> **Data section**
=== Begin Enclosure ===
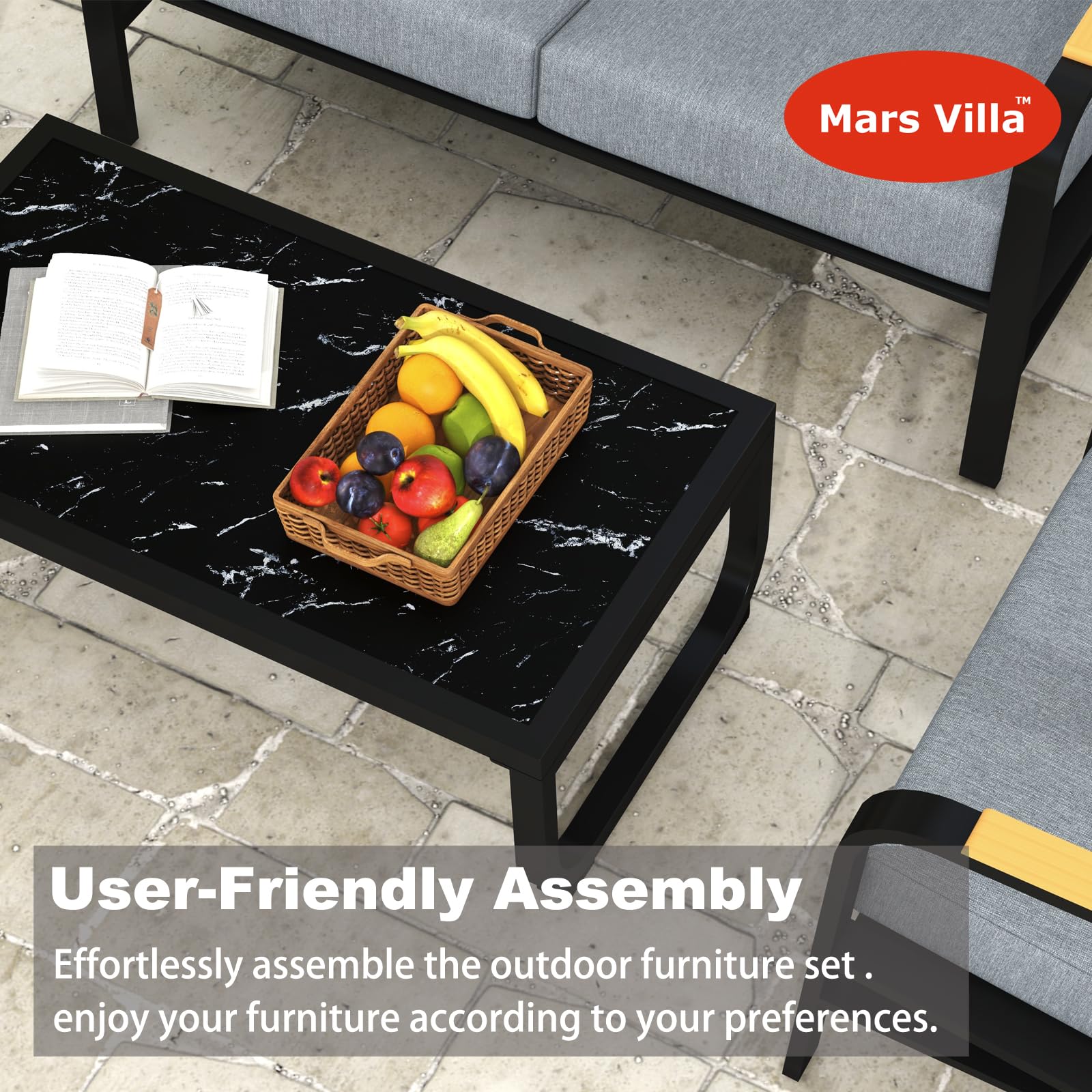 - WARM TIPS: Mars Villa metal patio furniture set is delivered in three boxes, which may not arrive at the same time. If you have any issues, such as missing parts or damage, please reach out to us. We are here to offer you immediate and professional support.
=== End Enclosure ===
=== Begin Enclosure ===
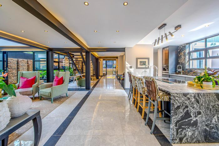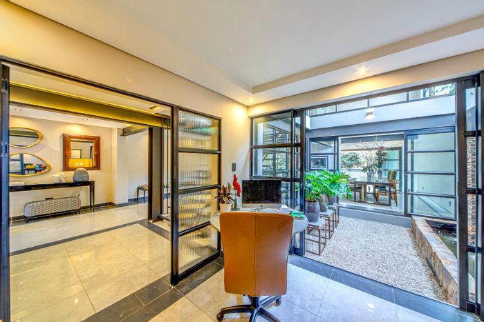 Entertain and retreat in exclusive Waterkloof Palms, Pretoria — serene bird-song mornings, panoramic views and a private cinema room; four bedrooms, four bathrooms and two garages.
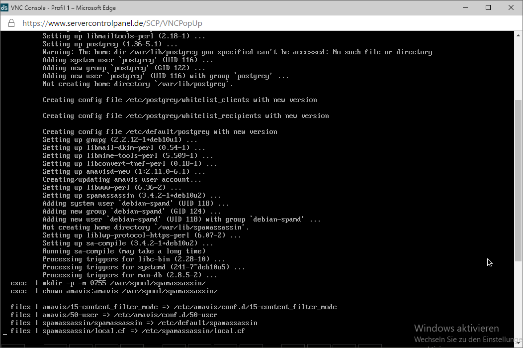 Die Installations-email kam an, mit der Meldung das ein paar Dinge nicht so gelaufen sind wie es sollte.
=== End Enclosure ===
> **Directions for this task**
Give back the exact lines above, running from the one that has "Entertain and retreat" through the one that has "Die Installations-email kam", with nothing added and no pictures.

> **Response area**
 Entertain and retreat in exclusive Waterkloof Palms, Pretoria — serene bird-song mornings, panoramic views and a private cinema room; four bedrooms, four bathrooms and two garages.
 Die Installations-email kam an, mit der Meldung das ein paar Dinge nicht so gelaufen sind wie es sollte.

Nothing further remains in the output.